- Opening Delimiter -

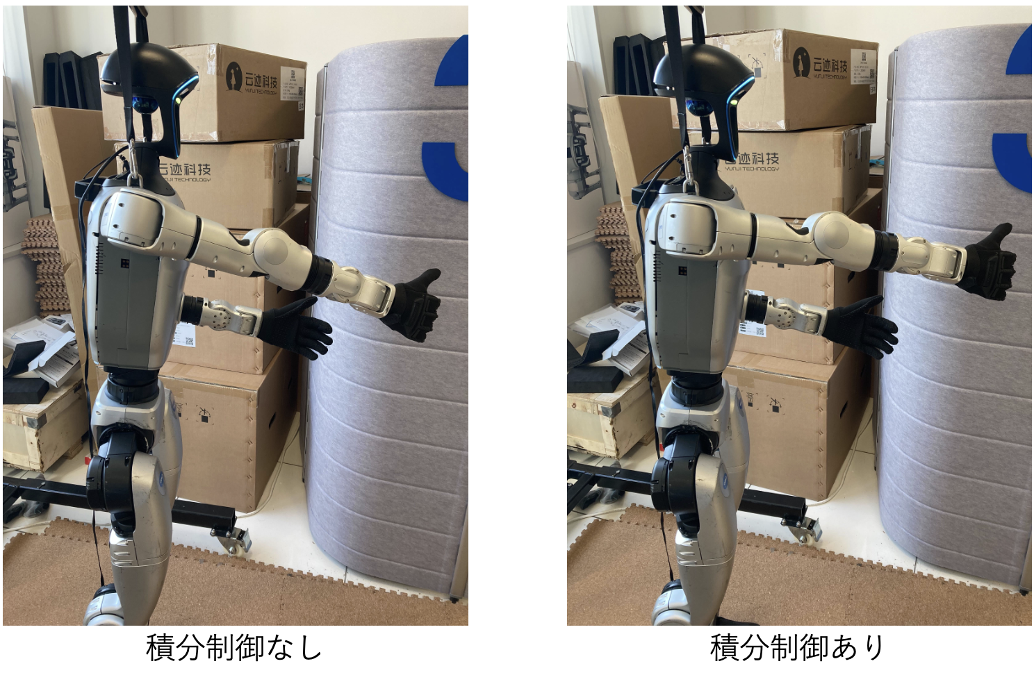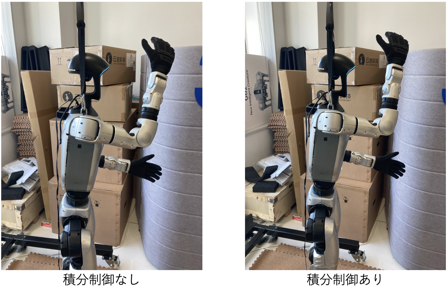 今回は,Unitree G1のモータの制御に積分項を追加して,目標角度との誤差を小さくする実験を行いました。積分項を追加することで,重力の影響を受けて目標角度に到達できない問題に対処できることを確認できました。一方で,小さく振動する問題は残っており,精密なタスクの遂行には正確な重力補償など別のアプローチが必要なことも確認できました。
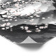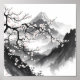 This piece captures the serene beauty of a Japanese landscape, blending traditional sumi-e ink wash techniques with delicate splashes of color. A majestic, snow-capped Mount Fuji stands in the distance, shrouded in misty mountains. In the foreground, the dark, gnarled branches of a cherry blossom tree are in full bloom, with soft pink and white flowers adding a vibrant contrast to the monochromatic gray tones of the landscape. The scene evokes a sense of peace, tranquility, and the transient beauty of nature.
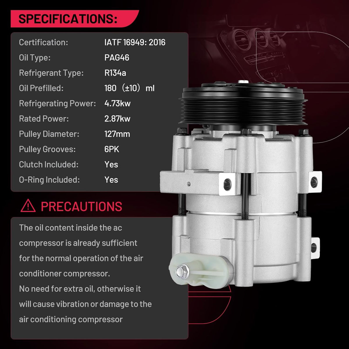 Vehicle Fitment - The AC compressor compatible with Ford F-150 1997-2006 4.2L, compatible with Ford F-150 Heritage 2004 4.2L
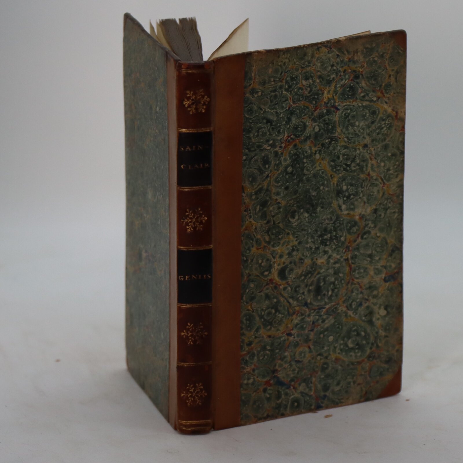 Tan calf spine with green marbled boards. Black title plates with gilt lettering and emblems.
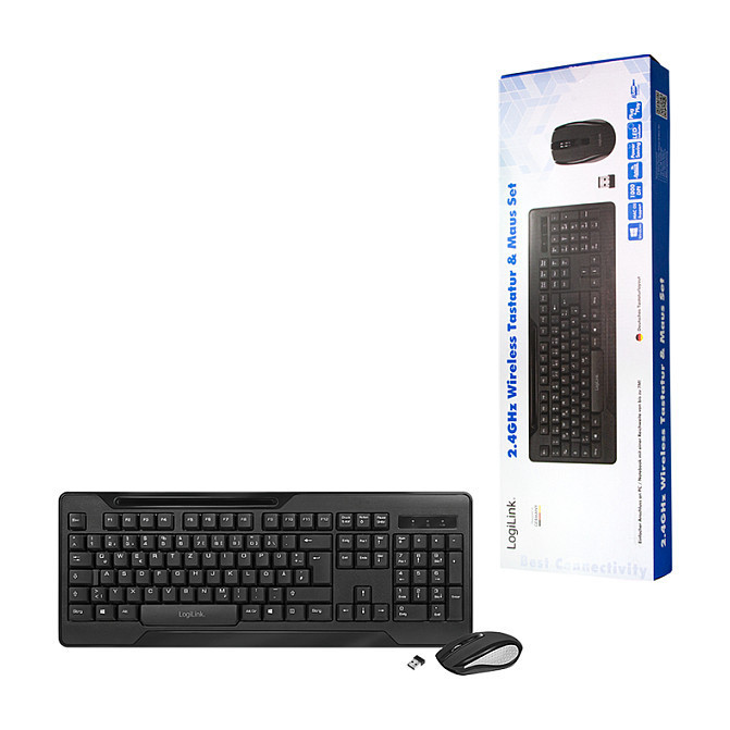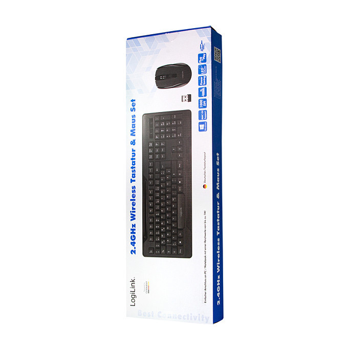"LogiLink ID0194. Keyboard form factor: Full-size (100%). Keyboard style: Straight. Connectivity technology: Wireless, Device interface: RF Wireless. Product colour: Black. Mouse included"\n"This combination of a 2.4 GHz Wireless keyboard and mouse from LogiLink enables you to work faster and more comfortable. The mouse with optical sensor ensures with its 1000 dpi scanning high precision. Connection via included USB micro dongle, which recognizes the devices automatically via Autolink function. The keyboard also has drainage holes in the bottom to prevent water from getting into the electrical components; the keys can be easily removed for thorough cleaning and maintenance."
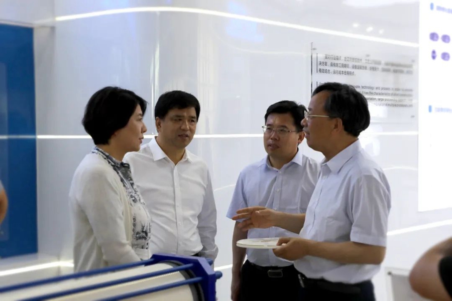 當日下午,萬華集團董事長廖增太、萊山區委書記羅建一行來到我司走訪交流。煙臺金正環保董事長張卓陪同參觀。雙方圍繞如何深化合作實現共贏進行了交流。
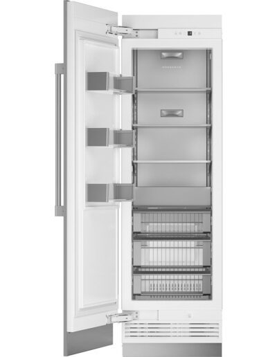 Cabinet Shelves: 1 Fixed, 3 Adjustable | Cabinet Shelves: Edge to Edge Glass Shelves | Capacity: 12.5 cu.ft | Colour: Panel Ready | Configuration: Full Door | Controls and Display: Upfront Capacitance Touch Controls w/ Digital LCD Readout | Defrost Type: Automatic | Door Colour: Door Panels Required / Sold separately | Door Handle Style: Custom Handle Required | Door Shelves: 3 Bins; Adjustable Glass and Metal Bins | Door Stops: 90 Degree and 115 Degree | Door Swing: Shipped with Left-Hand Door Opening | Energuide Rating: 513 kwhyr | Energy Star: Yes | Filter Location: Top right of product behind access panel | Freezer Baskets: 3 Silver Wire w/ Full Extension Slides | Icemaker: Factory-Installed | Integrated Wi-Fi Connectivity & Control: Change Temp Setpoint | Integrated Wi-Fi Connectivity & Control: Display Temp Setpoint | Integrated Wi-Fi Connectivity & Control: Door Alarm Alert | Integrated Wi-Fi Connectivity & Control: Night Time Snack Mode | Integrated Wi-Fi Connectivity & Control: Sabbath Status (On/Off) | Integrated Wi-Fi Connectivity & Control: Water Filter Status | Interior Lights: Yes | Levelling System: 4-Point Front Adjustable | Product Type: All freezer | Sealed System Design: Auto Defrost | Warranty: Limited 12-year sealed refrigerating system, parts; Limited 2-year entire appliance, parts; Limited 2-year entire appliance, labour; Limited 5-year compressor, labour | Water Filtration: XWF or XWFE | Width: 24″ | WiFi Connect: Built-in

- Closing Delimiter -

* To do
The entries above must be restated exactly in the answer, and the pictures left out.

* Exercise answer
 今回は,Unitree G1のモータの制御に積分項を追加して,目標角度との誤差を小さくする実験を行いました。積分項を追加することで,重力の影響を受けて目標角度に到達できない問題に対処できることを確認できました。一方で,小さく振動する問題は残っており,精密なタスクの遂行には正確な重力補償など別のアプローチが必要なことも確認できました。
 This piece captures the serene beauty of a Japanese landscape, blending traditional sumi-e ink wash techniques with delicate splashes of color. A majestic, snow-capped Mount Fuji stands in the distance, shrouded in misty mountains. In the foreground, the dark, gnarled branches of a cherry blossom tree are in full bloom, with soft pink and white flowers adding a vibrant contrast to the monochromatic gray tones of the landscape. The scene evokes a sense of peace, tranquility, and the transient beauty of nature.
 Vehicle Fitment - The AC compressor compatible with Ford F-150 1997-2006 4.2L, compatible with Ford F-150 Heritage 2004 4.2L
 Tan calf spine with green marbled boards. Black title plates with gilt lettering and emblems.
"LogiLink ID0194. Keyboard form factor: Full-size (100%). Keyboard style: Straight. Connectivity technology: Wireless, Device interface: RF Wireless. Product colour: Black. Mouse included"\n"This combination of a 2.4 GHz Wireless keyboard and mouse from LogiLink enables you to work faster and more comfortable. The mouse with optical sensor ensures with its 1000 dpi scanning high precision. Connection via included USB micro dongle, which recognizes the devices automatically via Autolink function. The keyboard also has drainage holes in the bottom to prevent water from getting into the electrical components; the keys can be easily removed for thorough cleaning and maintenance."
 當日下午,萬華集團董事長廖增太、萊山區委書記羅建一行來到我司走訪交流。煙臺金正環保董事長張卓陪同參觀。雙方圍繞如何深化合作實現共贏進行了交流。
 Cabinet Shelves: 1 Fixed, 3 Adjustable | Cabinet Shelves: Edge to Edge Glass Shelves | Capacity: 12.5 cu.ft | Colour: Panel Ready | Configuration: Full Door | Controls and Display: Upfront Capacitance Touch Controls w/ Digital LCD Readout | Defrost Type: Automatic | Door Colour: Door Panels Required / Sold separately | Door Handle Style: Custom Handle Required | Door Shelves: 3 Bins; Adjustable Glass and Metal Bins | Door Stops: 90 Degree and 115 Degree | Door Swing: Shipped with Left-Hand Door Opening | Energuide Rating: 513 kwhyr | Energy Star: Yes | Filter Location: Top right of product behind access panel | Freezer Baskets: 3 Silver Wire w/ Full Extension Slides | Icemaker: Factory-Installed | Integrated Wi-Fi Connectivity & Control: Change Temp Setpoint | Integrated Wi-Fi Connectivity & Control: Display Temp Setpoint | Integrated Wi-Fi Connectivity & Control: Door Alarm Alert | Integrated Wi-Fi Connectivity & Control: Night Time Snack Mode | Integrated Wi-Fi Connectivity & Control: Sabbath Status (On/Off) | Integrated Wi-Fi Connectivity & Control: Water Filter Status | Interior Lights: Yes | Levelling System: 4-Point Front Adjustable | Product Type: All freezer | Sealed System Design: Auto Defrost | Warranty: Limited 12-year sealed refrigerating system, parts; Limited 2-year entire appliance, parts; Limited 2-year entire appliance, labour; Limited 5-year compressor, labour | Water Filtration: XWF or XWFE | Width: 24″ | WiFi Connect: Built-in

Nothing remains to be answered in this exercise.